Born in Philadelphia and raised in New Jersey, McConnell was attending Goddard College in Plainfield, Vermont when he began playing with Phish – initially as a friend and guest in the spring of 1985; soon in the defining quartet with singer-guitarist Trey Anastasio, drummer Jon Fishman and bassist Mike Gordon. McConnell’s senior thesis at Goddard, published in 1987, was titled “The Art of Improvisation” – which, of course, became Phish’s jubilant specialty. “So much of what we do in our improvisations is go for these peaks,” he explains. “You can feel them, the waves starting to crest.” But on Maybe We’re the Visitors, “I wanted more of a constant energy – bubbling along, not necessarily realized.
“Passage,” for example, is three minutes of streaking light with no stated rhythm but a steady, implied momentum – “this journey of nothingness,” as McConnell puts it, “like you’re in a shuttle craft over one of Jupiter’s moons.” Other pieces such as “Terra Incognita,” “The Settlement” and “Set in Stone” have decisive undertows grounded in McConnell’s lifelong passion for the funk, blues and jazz of New Orleans, especially his 21st Century side trips in Vida Blue – a trio with Crescent City drummer Russell Batiste and bassist Oteil Burbridge – and the Meter Men, an R&B powerhouse featuring guitarist Leo Nocentelli, bassist George Porter, Jr. and drummer Zigaboo Modeliste of the original Meters.
“Getting to play with those guys had a big impact on me,” McConnell says gratefully He also credits another, surprising inspiration here, the American abstract painter Ellsworth Kelly: “I was looking at some of his pieces – simple two-or-three color paintings.

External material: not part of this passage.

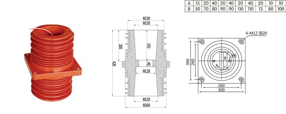 TG3-35Q/260 * 260 * 420 middle cabinet wall bushing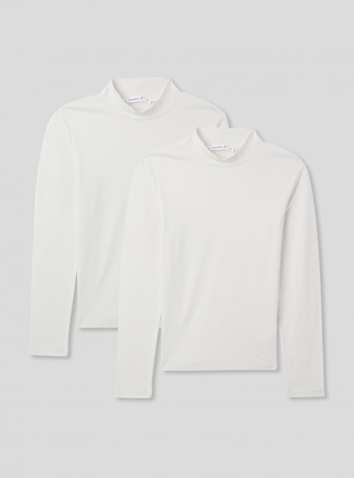 Ensemble composé de deux t-shirts à manches longues pour fille avec col montant. Tissu extensible uni avec un design minimaliste. Parfait seul ou comme couche de base sous d'autres vestes ou pulls.

That’s all they were. I’d think, ‘These big chords, like rich colors playing off each other – that’s enough for this track.'”
The narrative flow of Maybe We’re the Visitors – exploration, colony and, finally warning; that, as Icelanders already know, we are only stewards here and nature always has the last word – did not present itself “until I was close to the end,” McConnell confesses. “But I always knew there was something alien about these pieces” – like the hint of another presence in the long dub-reggae swim of the title track. “It feels like there is something going on in the background – this guy talking to you, trying to communicate through all of this.”